Dennoch, „The Collection“ ist kein gänzlich schlechter Film. Der Cast ist gut, Josh Stewart überzeugt erneut als sowohl ängstlicher als auch mutiger Arkin, der langsam die Faxen dicke hat und dem Collector nun endgültig den Garaus machen will. Auch Lee Tergesen als Truppenanführer kann überzeugen, seiner besonderen Beziehung zu Elena, für die er ein väterlicher Freund geworden ist, verleiht er glaubwürdig und sensibel Ausdruck. Und Emma Fitzpatrick als Final Girl Elena, die in einigen Einstellungen glatt einen Natalie-Portman-Lookalike-Contest gewinnen könnte, spielt sich souverän durch so unterschiedliche Emotionen wie Angst, Ungläubigkeit, Mut, Verzweiflung und Wut.

Und auch wenn die Sets teilweise sehr an „SAW“ erinnern oder Dunstan sogar die ein oder andere Idee oder Einstellung aus seinen „SAW“-Drehbüchern übernimmt, ist das noch schaurig genug, um ab und an vor Schreck zusammenzuzucken oder mit den Opfern mitzuleiden.

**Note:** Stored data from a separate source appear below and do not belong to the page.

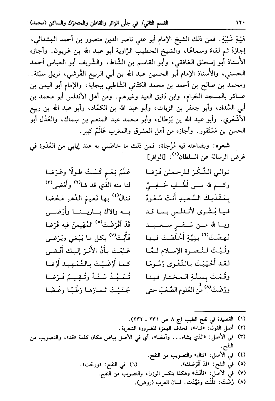 شعره: وبضاعته فيه مزجاة، فمن ذلك ما خاطبني به عند إيابي من العدوة في غرض الرسالة عن السلطان «1» : [الوافر]
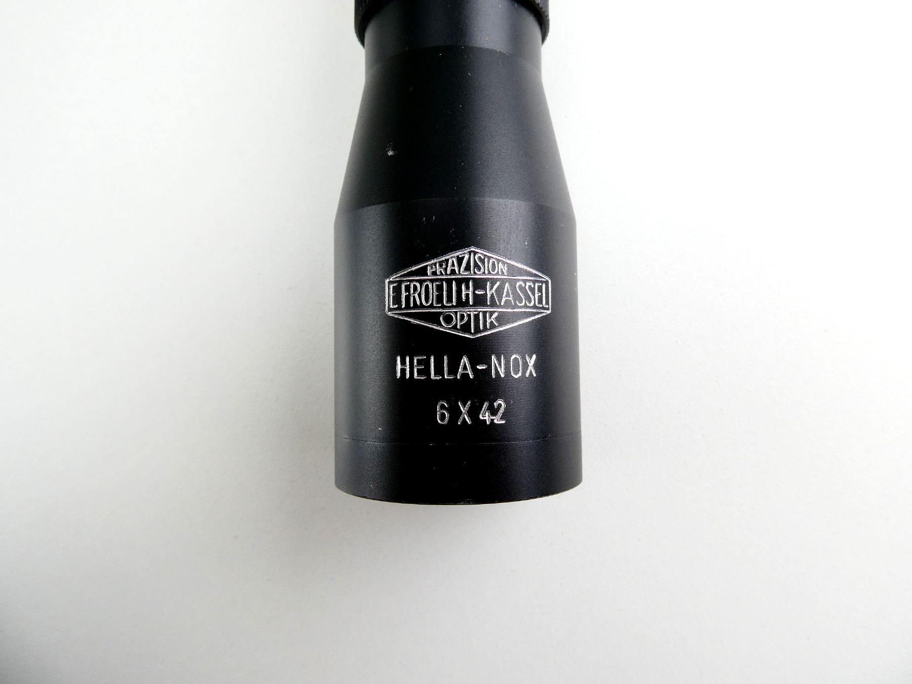 (1) CLEAR OPTICS, GERMAN NUMBER 1 RETICLE, 1" TUBE DIAMETER, WORKING MAGNIFICATION RING, WINDAGE & ELEVATION KNOBS TURN, MARKED: "PRAZISION EFROELIH-KASSEL OPTIK", "HELLA-NOX", "6X42", ETC., SHOWS WEAR & TEAR / USE MARKS. SEE PHOTOS.
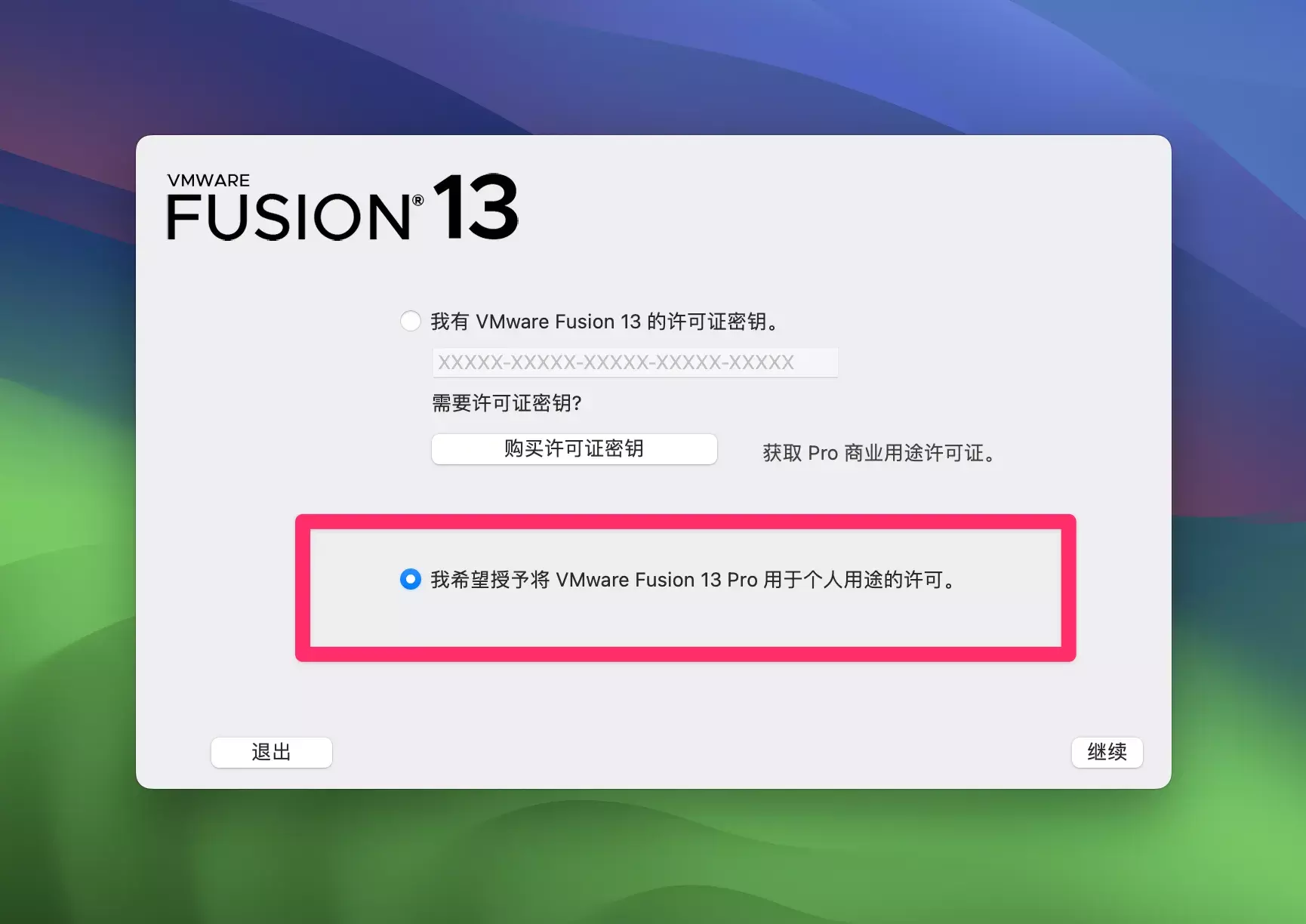 安装完成后选择我希望授予将 VMware Fusion 13 Pro 用于个人用途的许可无需输入key即可使用
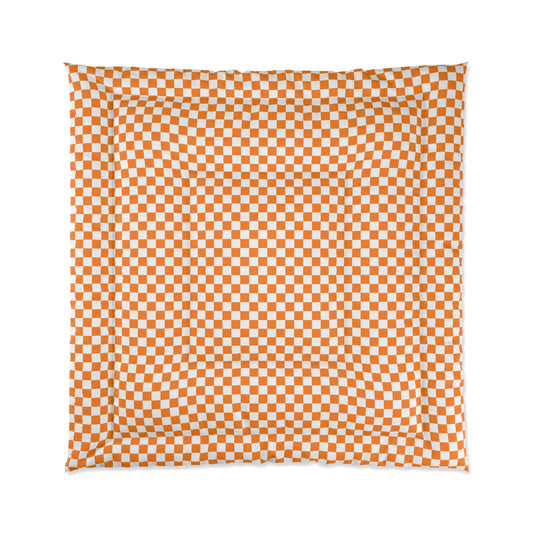 Orange and White Checkerboard Comforter — Game Day Bedding
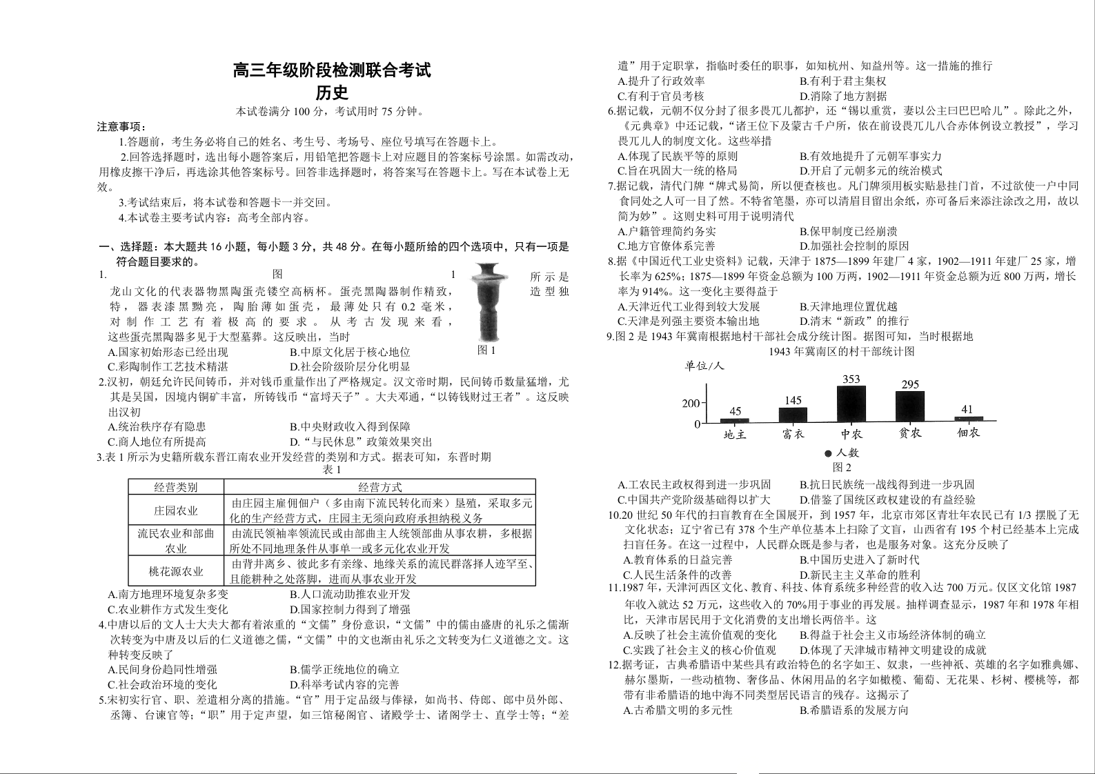 湖南省部分高中2025届高三年级阶段检测联合考试历史试题
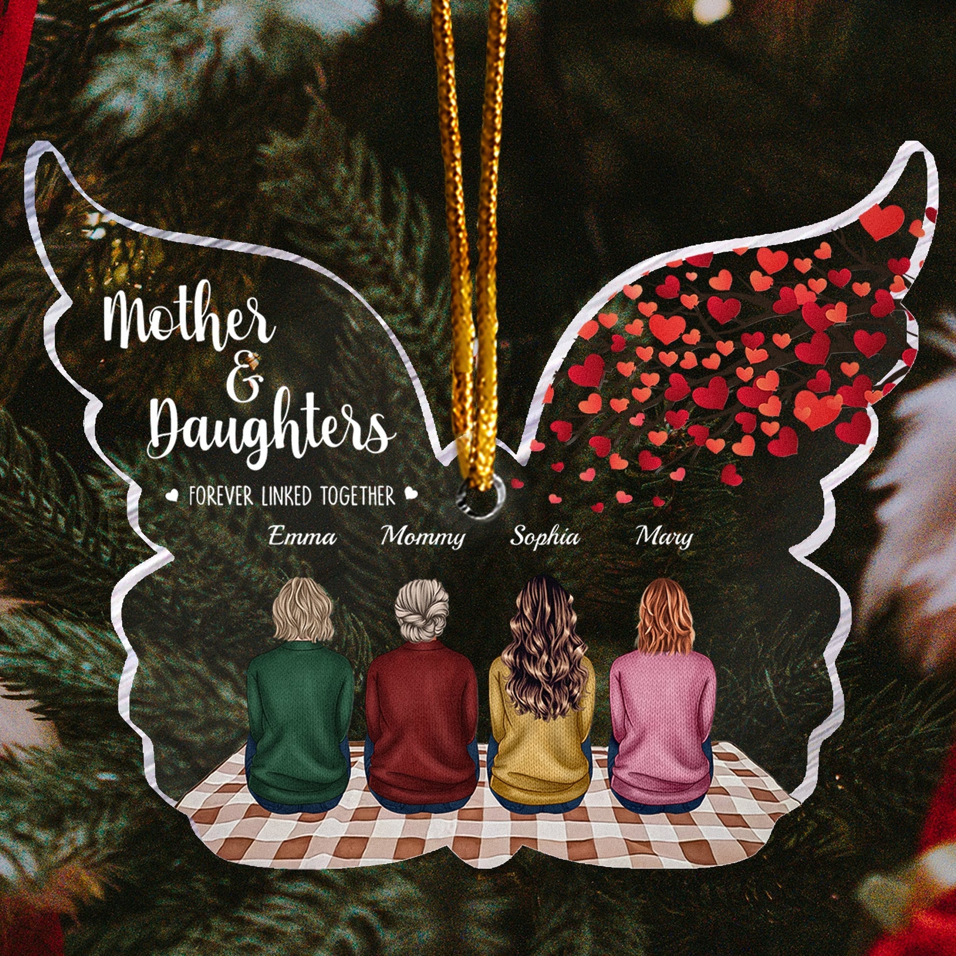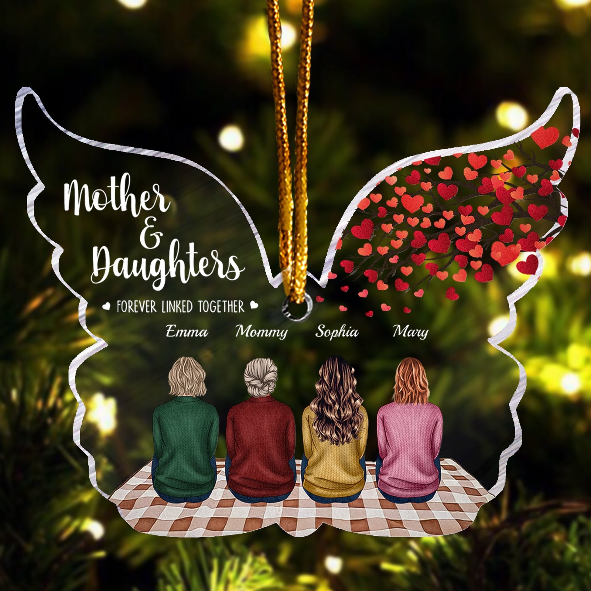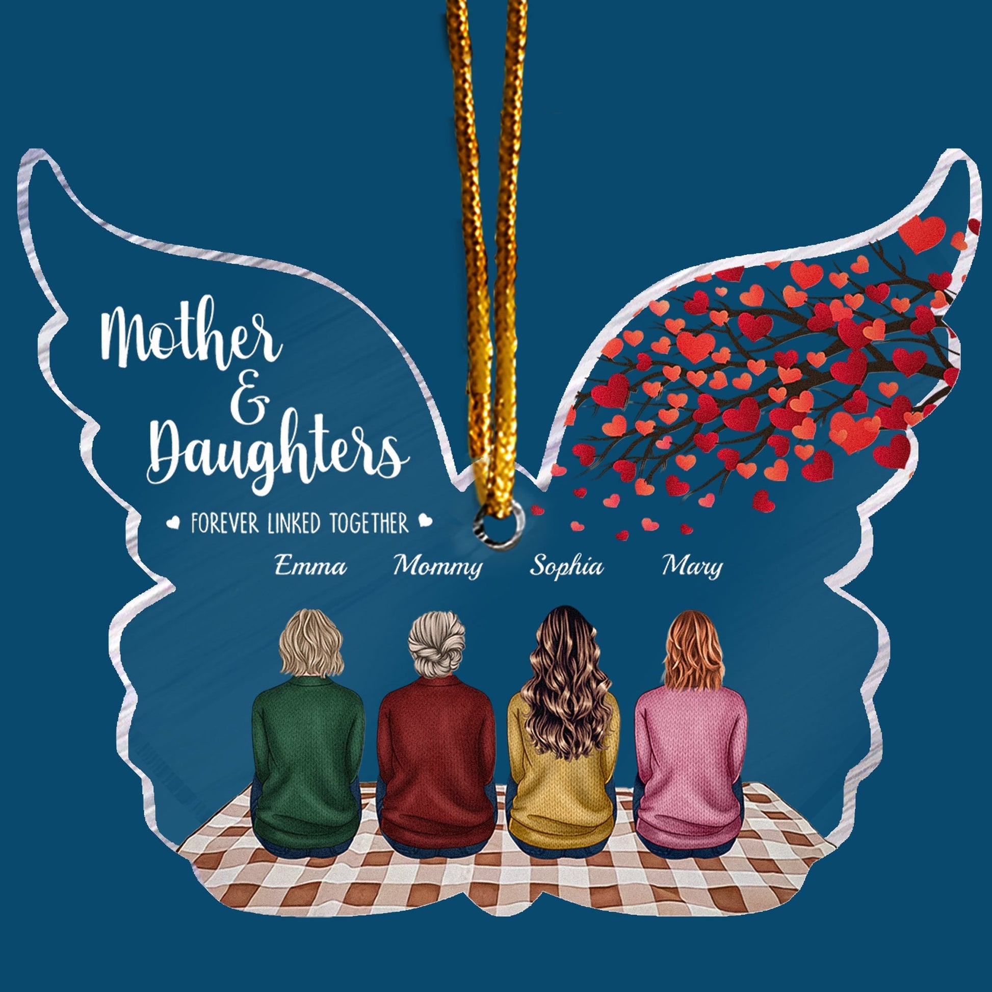 Mother & Daughters Forever Linked Together - Personalized Butterfly Shaped Acrylic Ornament

„The Collection“ ist ein halbgarer Aufguss eines sehr guten Debüts. Bedauerlicherweise erspart uns der zweite Teil nicht das obligatorische Open End, so dass die Tür zum bereits geplanten 3. Teil schon geöffnet ist, was ich für keine wirklich gute Idee halte. Der Film weist viele blutige und sehr brutale Szenen auf, reiht diese aber recht dumpf und emotionslos aneinander, so dass nur selten richtige Spannung aufkommt. „The Collection“ ist eine teilweise zu sehr im Dunkeln liegende Schlachtplatte mit logischen Schnitzern und einer lieblosen Story, die nicht wirklich überzeugen kann. Dafür ist nach 82 Minuten (zumindest in der Uncut-Version) dann auch wieder alles vorbei…bis eben der Collector in Teil 3 retourniert. Vielleicht findet Marcus Dunstan bis dahin ja zu seinen genialen Ideen aus dem 1. Teil zurück. Für zumindest ordentlichen Gore, überwiegend gute Darsteller und einem Extrapunkt für den armen Arkin ganz knappe drei von fünf Sammlerstücken, die mal einen Puls hatten.